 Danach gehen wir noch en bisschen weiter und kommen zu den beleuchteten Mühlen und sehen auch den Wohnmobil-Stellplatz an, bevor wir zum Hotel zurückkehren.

|---|

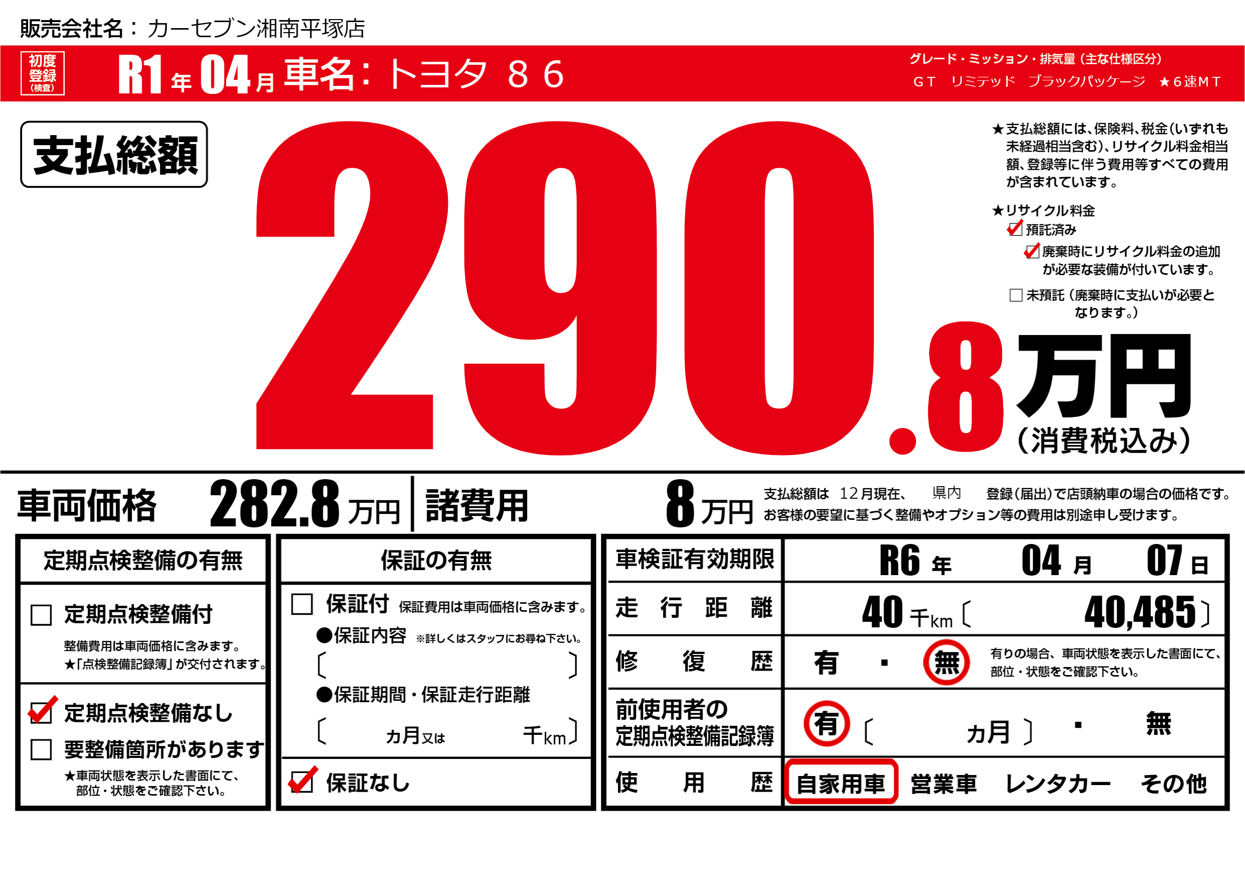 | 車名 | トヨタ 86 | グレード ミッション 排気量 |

|---|

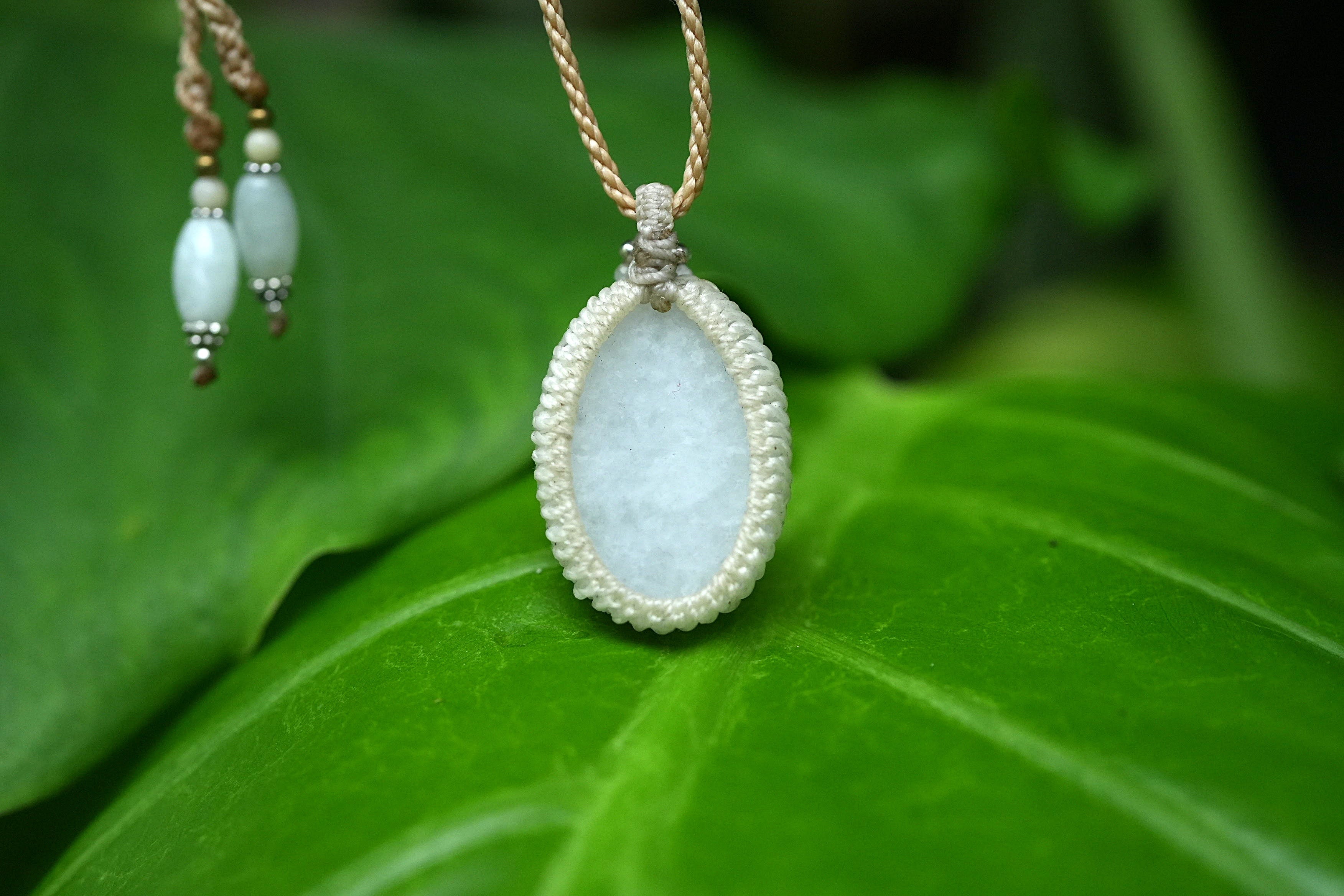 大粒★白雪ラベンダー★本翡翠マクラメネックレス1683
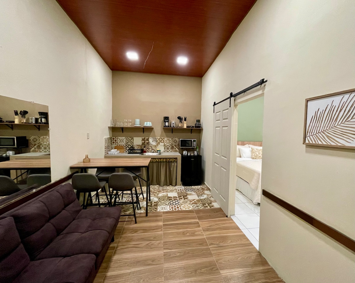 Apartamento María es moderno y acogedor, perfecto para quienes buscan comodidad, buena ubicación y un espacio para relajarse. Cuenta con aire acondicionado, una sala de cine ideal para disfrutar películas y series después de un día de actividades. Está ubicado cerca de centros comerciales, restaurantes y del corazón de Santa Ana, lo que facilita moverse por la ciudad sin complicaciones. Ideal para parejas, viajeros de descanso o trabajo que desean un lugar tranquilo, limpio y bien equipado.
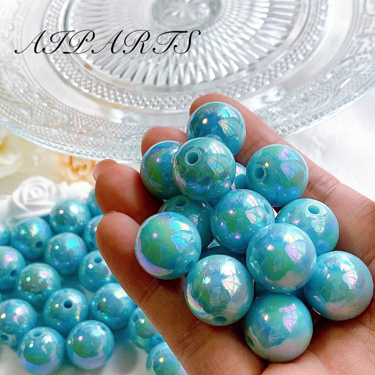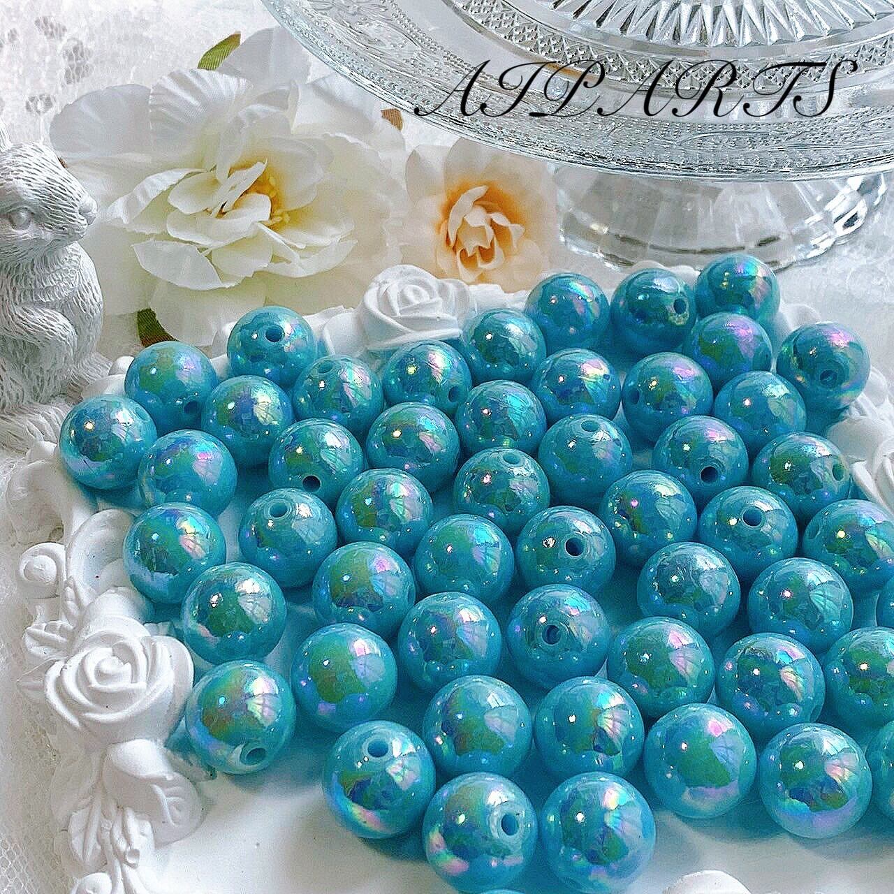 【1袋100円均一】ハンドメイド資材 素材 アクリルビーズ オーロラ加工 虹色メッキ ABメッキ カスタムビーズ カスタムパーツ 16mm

|---|

Activity: In the entries above, find the line containing "Apartamento María es" and the line containing "カスタムビーズ カスタムパーツ 16mm"; give again exactly those two lines and every line between them, minus the pictures.

Answer to this problem:
 Apartamento María es moderno y acogedor, perfecto para quienes buscan comodidad, buena ubicación y un espacio para relajarse. Cuenta con aire acondicionado, una sala de cine ideal para disfrutar películas y series después de un día de actividades. Está ubicado cerca de centros comerciales, restaurantes y del corazón de Santa Ana, lo que facilita moverse por la ciudad sin complicaciones. Ideal para parejas, viajeros de descanso o trabajo que desean un lugar tranquilo, limpio y bien equipado.
 【1袋100円均一】ハンドメイド資材 素材 アクリルビーズ オーロラ加工 虹色メッキ ABメッキ カスタムビーズ カスタムパーツ 16mm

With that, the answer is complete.